## PROBLEM:
Return only the lines below starting at the line containing "虫を取り除くため、脱穀後振る" and ending at the line containing "на посещении врача.", both included, exactly as they are and with no pictures.

## RECORD EXTRACTS:
══════════

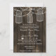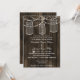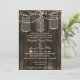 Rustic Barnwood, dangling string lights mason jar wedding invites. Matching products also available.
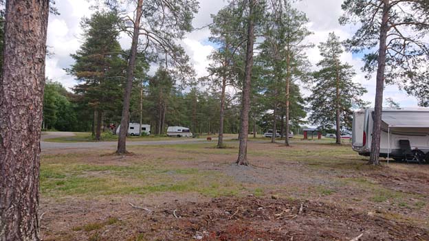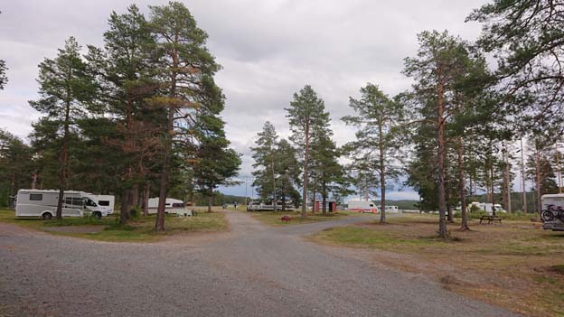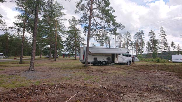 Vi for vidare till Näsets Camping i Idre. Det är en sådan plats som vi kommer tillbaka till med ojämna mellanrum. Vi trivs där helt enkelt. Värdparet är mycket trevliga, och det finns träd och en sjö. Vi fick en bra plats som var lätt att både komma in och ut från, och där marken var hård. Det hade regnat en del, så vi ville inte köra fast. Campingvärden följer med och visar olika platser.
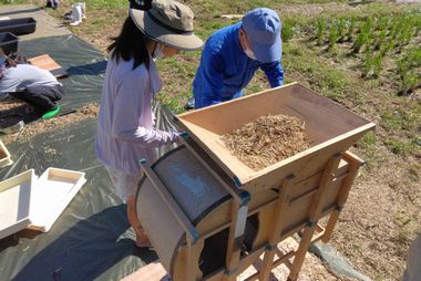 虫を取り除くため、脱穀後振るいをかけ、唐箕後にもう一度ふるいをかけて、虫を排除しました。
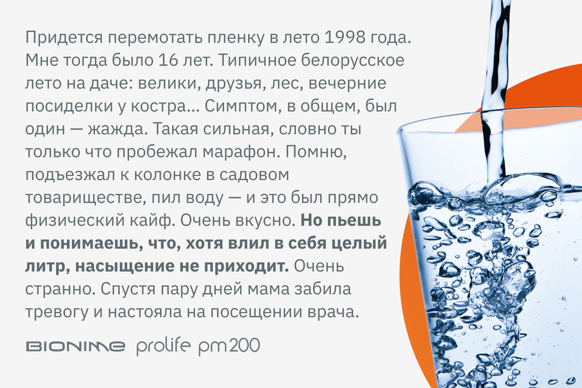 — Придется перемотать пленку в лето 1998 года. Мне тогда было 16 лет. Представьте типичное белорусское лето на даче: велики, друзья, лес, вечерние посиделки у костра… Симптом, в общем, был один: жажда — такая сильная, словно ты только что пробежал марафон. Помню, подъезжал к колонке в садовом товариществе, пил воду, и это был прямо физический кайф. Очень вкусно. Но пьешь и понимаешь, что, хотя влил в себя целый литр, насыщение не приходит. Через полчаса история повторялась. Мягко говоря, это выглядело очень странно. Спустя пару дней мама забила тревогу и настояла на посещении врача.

══════════

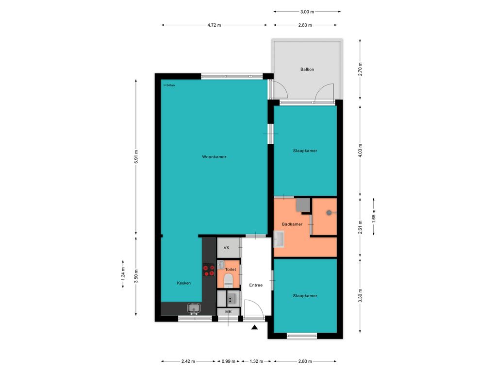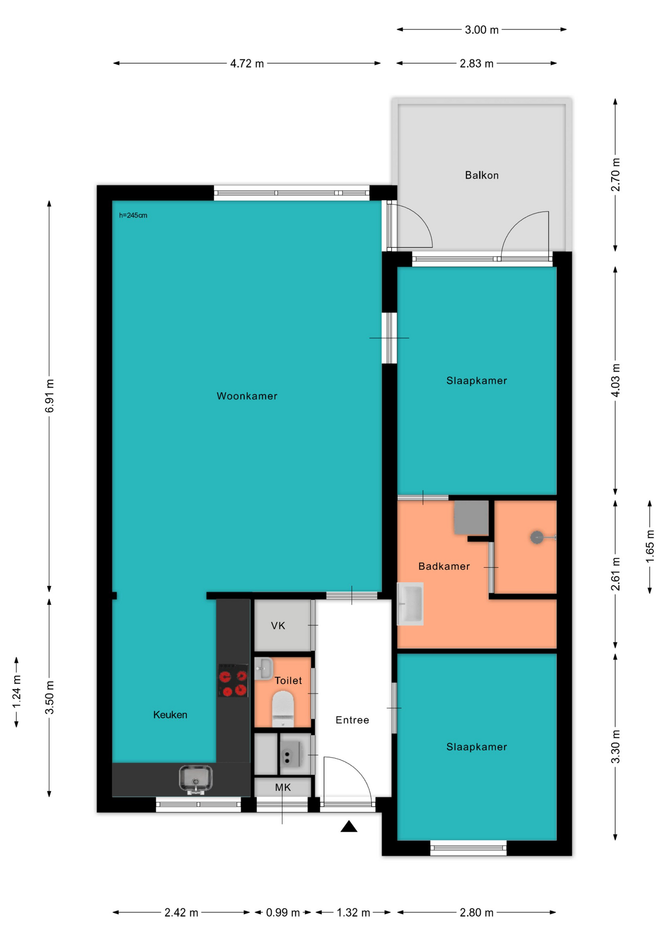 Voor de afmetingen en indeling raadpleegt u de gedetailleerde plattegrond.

══════════

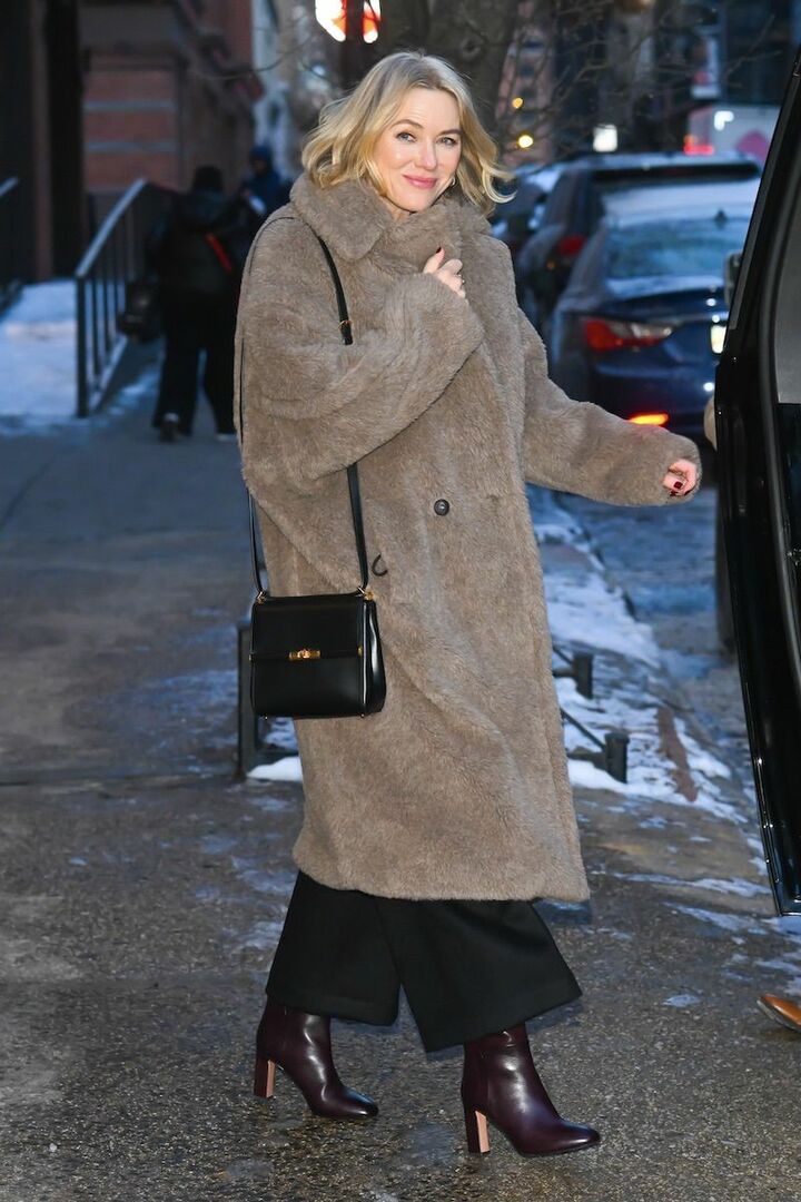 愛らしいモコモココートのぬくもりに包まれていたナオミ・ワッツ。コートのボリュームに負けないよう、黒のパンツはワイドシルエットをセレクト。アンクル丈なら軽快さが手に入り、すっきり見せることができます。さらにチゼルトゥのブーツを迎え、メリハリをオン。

══════════

## EXERCISE ANSWER:
 虫を取り除くため、脱穀後振るいをかけ、唐箕後にもう一度ふるいをかけて、虫を排除しました。
 — Придется перемотать пленку в лето 1998 года. Мне тогда было 16 лет. Представьте типичное белорусское лето на даче: велики, друзья, лес, вечерние посиделки у костра… Симптом, в общем, был один: жажда — такая сильная, словно ты только что пробежал марафон. Помню, подъезжал к колонке в садовом товариществе, пил воду, и это был прямо физический кайф. Очень вкусно. Но пьешь и понимаешь, что, хотя влил в себя целый литр, насыщение не приходит. Через полчаса история повторялась. Мягко говоря, это выглядело очень странно. Спустя пару дней мама забила тревогу и настояла на посещении врача.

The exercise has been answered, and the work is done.